Desde el fondo del escenario, Índigo sonrió ante las cabriolas de su amiga y la reacción del público. La energía de la música y la excitación de estar de nuevo sobre las tablas estaban disipando los tristes pensamientos de la noche anterior, y a pesar de los problemas que afectaban Bruhome, el público parecía bien dispuesto a dejar de lado sus problemas y disfrutar del espectáculo.

La danza terminó bajo unos aplausos entusiastas, y mientras las más pequeñas marchaban corriendo, con Piedad saludando con la mano y lanzando desvergonzados besos, los mayores corrieron a disponer la escena para la representación de un solo acto que seguía a continuación. Constan, muy prudente, se había decidido por «La Dama y su Indiscreción», un melodrama cómico que permitía la sobreactuación y gran abundancia de insinuaciones y chistes salaces, Índigo no tenía ningún papel en la obra, y por lo tanto se retiró detrás de las bambalinas para controlar a las pequeñas y escuchar la marcha de la representación, que era coreada por grandes carcajadas por parte de los espectadores. Esti, que poseía un gran talento cómico natural, resultaba perfecta como la Dama del título, mientras que Constan como su cornudo esposo y Val y Lanz en los papeles de sus dos candidatos a pretendientes en constante disputa la acompañaban con entusiasmo. Se escucharon vítores y aplausos cuando hicieron su última reverencia; señal inequívoca de que el talento de la compañía de cómicos, junto con el vino y la cerveza que ahora circulaba ya libremente por la plaza, estaban obrando su propio y particular efecto sobre la gente.

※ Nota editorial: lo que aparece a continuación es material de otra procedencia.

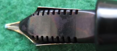 Here is a very nice Duofold Senior Streamline fountain pen in black from 1930 ish with a readable imprint; this pen has been used so has a few small marks consistent with that use but it is not damaged and any new owner, wanting it to use, will be thrilled with it; it has a lovely medium grade 14ct gold nib and writes nicely; the pen has obviously been well looked after, albeit used, but there are slight signs of plating wear on the clip and the bands; there are slight signs of wear where the cap fits and where it is posted.
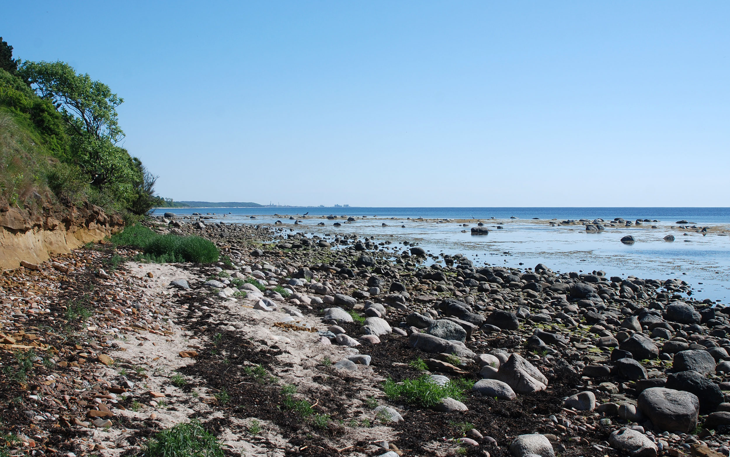 Hasle Klint og det hårde siltstenslag er ved at forsvinde fra overfladen ved Peder Olsens havn.
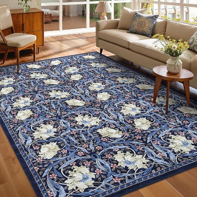 Modern Tree Print Area Rug - Stain Resistant Bordered Runner for Bathroom, Hallway Home Decor
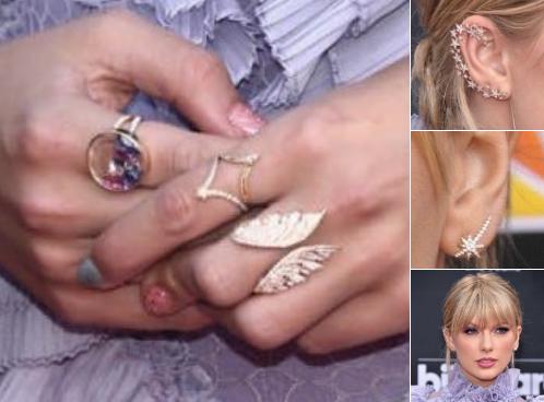 Los accesorios de Taylor son toda una tendencia, pues escogió lucir anillos casi en todos los dedos de sus manos.

Tras la obra vino un popurrí de canciones, seguido por la Danza del Boyero, y por último por más canciones, esta vez melodías populares que se animó a la concurrencia a corear, antes de un descanso de media hora para que los actores se recuperaran. Durante esta pausa, Índigo —fortalecida por un pastel cosechero bien picante y una jarra de cerveza— se unió a Esti y a Val para pasear por la atestada plaza y contemplar los adornos florales, líos aromas de la comida y la bebida se mezclaban con los olores más básicos de la naturaleza humana y el hedor de la brea de las llameantes antorchas; mientras estudiaba rostros y captaba fragmentos de conversaciones, Índigo detectó muy pocas señales de las preocupaciones que acosaban Bruhome. La gente charlaba sobre cuestiones mundanas: el clima, el último escándalo doméstico, los defectos de este nuevo aprendiz o del dueño de la taberna. Sólo en una o dos ocasiones se interpuso una nota amarga: las palabras «bosque siniestro» cuando una voz se destacó por un instante por encima del barullo general; otra voz, trastornada, diciendo: «tres más se han visto afectados desde esta mañana, según he oído»; una conversación susurrada, inaudible pero claramente apremiante entre dos mujeres cuyos rostros estaban crispados por el dolor, Índigo no sabía si sus compañeros eran conscientes del tenue hilo de inquietud que se iba extendiendo por la atmósfera, y se guardó muy bien de llamarles la atención sobre ello. Constan, con su conocimiento más profundo de la ciudad y de sus principales ciudadanos, averiguaría qué más había que saber cuando llegara el momento. Hasta entonces, pensó, lo mejor era olvidar aquella corriente oculta y concentrarse en los aspectos más alegres de la noche.

Terminado el descanso, empezó lo que Val denominó con gran pesar el auténtico trabajo duro de la noche. La segunda parte del espectáculo de la Compañía Cómica Brabazon consistía casi por completo en música y danza: llegado este momento, se suponía, el público estaría demasiado excitado, o demasiado bebido (o ambas cosas) para querer que se pusieran a prueba sus poderes de concentración en obras de teatro y poesías. Todo lo que deseaban era corear a grandes gritos las sencillas y viejas canciones que todo el mundo conocía, y —con un poco de estímulo por parte de los Brabazon— tomar parte en los números de danza finales.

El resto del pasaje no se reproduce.